Contos da Fazenda, a primeira graphic novel do conjunto, aborda a vida do menino Lester Papineau, basicamente um avatar de Lemire, que vive em seu mundo de sonhos, sempre usando uma capa e uma máscara como se fosse um dos super-heróis que ele lê em HQs que compra na mercearia do posto de gasolina e que desenha quando pode (os desenhos de Lester são realmente os da infância de Lemire, em uma jogada muito bacana). Ele vive basicamente isolado em uma fazenda com seu também solitário tio Ken, com a narrativa dividida ao longo das quatro estações de um ano, com Lester estabelecendo uma conexão com o grandalhão ex-jogador de hockey no gelo Jimmy LeBeuf, que trabalha no posto de gasolina. Usando grandes espaços abertos para contrastar com a pequenez do jovem Lester, Lemire cria um ambiente que parece fazer de tudo para o garoto conformar-se com a vida que tem, mas que ele usa para viver suas aventuras imaginárias contra supervilões, aventuras essas em que Jimmy embarca, solidificando a amizade entre eles, apesar da diferença de idade.

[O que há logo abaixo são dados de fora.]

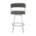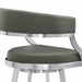 The Saturn 30" Bar Height Swivel Gray Faux Leather and Brushed Stainless Steel Bar Stool from Armen Living is a unique addition to any home or apartment. The Saturn’s soft faux leather upholstery is wrapped around a high-density cushion that cover the back and seat of the kitchen stool, providing you with optimal comfort. The 360-degree swivel motion allows your guests to stay engaged at parties or gatherings regardless of their place in the room, making this the perfect stool for entertaining!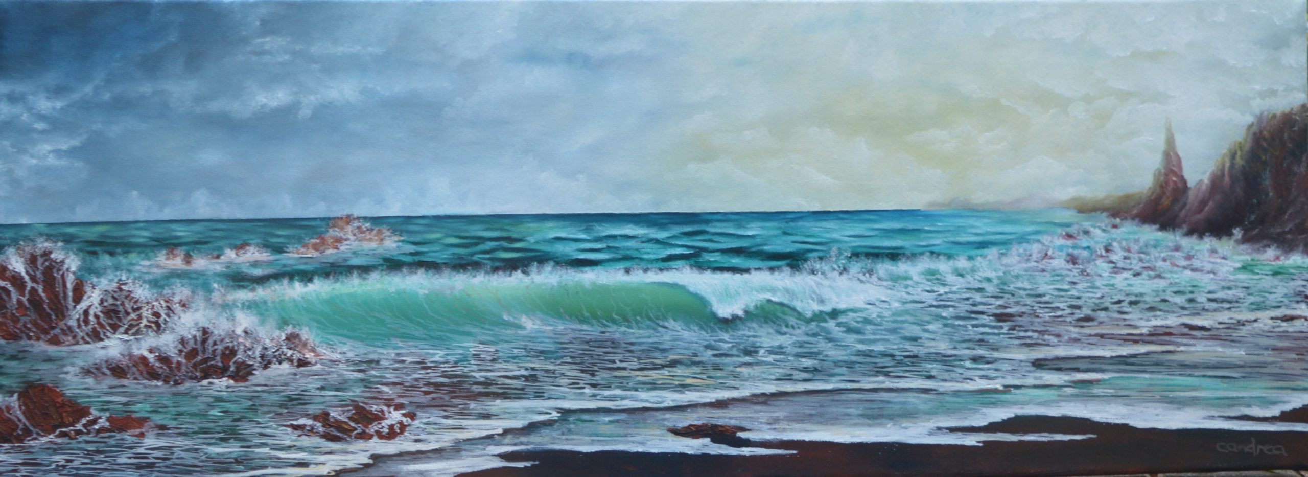 A painting inspired by the peculiar rock formation at Ansteys to which the viewer’s eye is drawn by the wave crashing over the rocks in the foreground.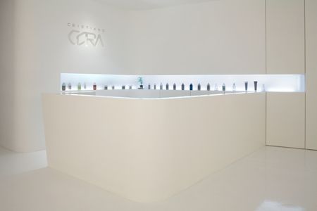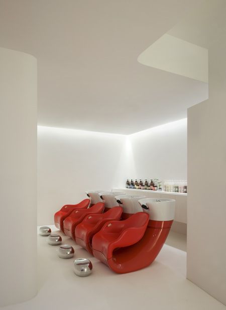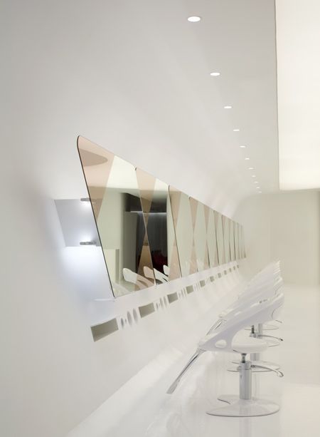 Thirteen stations. All white. Angular walls that fold into each other, a French latex stretch ceiling, sculptural chairs throughout. Designed for former Vidal Sassoon creative director Cristiano Cora — a salon that operates as much as an architectural statement as a place of work. Published in Dezeen and Architizer.

É importante salientar – algo cada vez mais necessário no mundo cínico em que vivemos – que essa conexão entre Lester e Jimmy não tem nada de sombria. Ao contrário, ela é muito bonita e pura e serve de uma válvula de escape para o menino que tem uma relação cordial com o tio, mas não mais do que isso, algo natural considerando que ambos perderam o laço familiar com a morte de Claire – mãe de um e irmã do outro – há um ano e que foi só com o pedido desesperado dela em seu leito de morte, que Ken abriu seu lar para Lester. O que a história está interessada em abordar é a fragmentação de uma família e o amadurecimento de Lester e, em relativamente poucas páginas, sempre com um pano de fundo melancólico, mas que premia o leitor a cada página, ela mais do que consegue cumprir seu objetivo.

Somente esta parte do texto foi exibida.